No debate sobre a moção de censura proposta pelo Chega, o primeiro-ministro deu algumas explicações sobre a empresa que detém na sua órbita familiar, recusando-se a identificar os clientes por razões de “sigilo comercial”.

Na sua intervenção, Mariana Mortágua referiu-se aos sucessivos casos de potenciais conflitos de interesses no seio do Governo, afirmando que “o Primeiro-Ministro não deve convidar para o Governo um autarca com quem fez ajustes diretos, o secretário de Estado do Ordenamento do Território não deve abrir empresas imobiliárias enquanto faz uma lei sobre utilização de solos, o Presidente da Câmara de São João da Madeira não deve fazer ajustes diretos ao seu próprio sócio, e o ministro que foi Presidente da Câmara de São João da Madeira não deve manter uma imobiliária com esse sócio enquanto faz uma lei sobre utilização de solos”.

“O que diria o PSD da oposição sobre o comportamento deste PSD no Governo?

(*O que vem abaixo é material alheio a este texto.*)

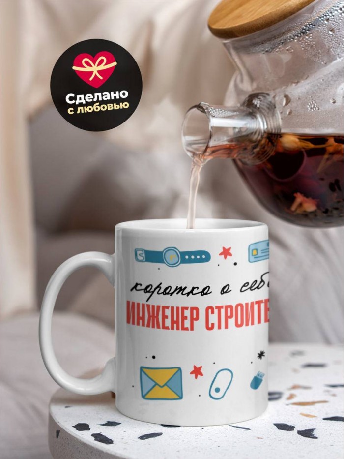 Сувенирная белая кружка с принтом "Коротко о себе инженер строитель" – отличный подарок родным и близким людям для любого случая. Уникальный дизайн делает ее неповторимой и привлекательной для глаз. Принты могут быть разными: от ярких креативных решений, которые идеально подойдут молодежи, до классических элегантных узоров, радующих взгляд людей любого поколения во время чаепития. Рисунок наносится с использованием специализированного оборудования, материалами, прошедшими испытания на пригодность к использованию в быту.
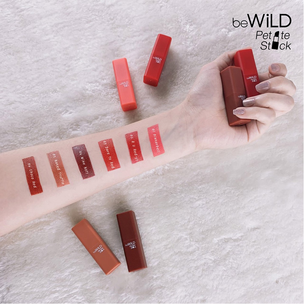 บีไวลด์ (beWiLD) แบรนด์เครื่องสำอางสัญชาติไทย ตัดริบบิ้นเปิดฤดูกาลร้อนแรงนี้ด้วยการเปิดตัวลิปสติกใหม่ล่าสุด beWiLD PETITE STICK (บีไวลด์ เปอติ๊ด สติ๊ก) รังสรรค์ลิปสติกไซส์มินิกะทัดรัด เนื้อ Semi Matte ทิ้งความแมตต์แบบเดิม ๆ เพิ่มพิกเม้นท์สีชัดแน่น ไม่ตกร่อง ด้วยสูตรพิเศษเฉพาะช่วยให้ริมฝีปากชุ่มชื้น เรียบเนียน มาพร้อมรูปแบบ Multi Use ดูโอคู่สี จะใช้เดี่ยวหรือเบลนด์คู่ก็ได้อย่างลงตัว สามารถครีเอทได้ 3 ลุค มีให้เลือกมากถึง 6 เฉดสี เพื่อเอาใจเรียวปากสวยมั่นใจของสาวเอเชียโดยเฉพาะ

Todos sabemos o que diria”, prosseguiu Mariana Mortágua, lembrando que “nós avisámos que a lei dos solos era uma porta aberta à especulação” e é “uma lei errada e ferida de morte à nascença” por ter sido feita “por um ministro e um secretário de Estado que tinham imobiliárias”.

A coordenadora bloquista acusou ainda o Governo de olhar para o problema da habitação “do ponto de vista de um promotor imobiliário” quando a habitação e a especulação “são interesses em conflito”.

Sobre o partido proponente da moção de censura, Mariana Mortágua  lembrou que o Chega “viabilizou a lei dos solos de Hernâni Dias, Castro Almeida e Luís Montenegro”, que abre caminho “à corrupção, à especulação e aos conflitos de interesses”, adiando em seguida a votação que a pode revogar.

“Diga a verdade, Sr. deputado André Ventura. Olhe os portugueses nos olhos, e peça desculpa por agendar uma moção de censura para tapar as vergonhas da sua bancada” e por ter votado “para manter em vigor a lei de todos os conflitos de interesses”, prosseguiu Mariana Mortágua, acusando também o Chega de ser “financiado pelo setor imobiliário” e de ter na sua bancada “deputados com imobiliárias iguais às do ministro e do secretário de Estado”, sem terem pedido escusa das votações da lei dos solos por potenciais conflitos de interesses.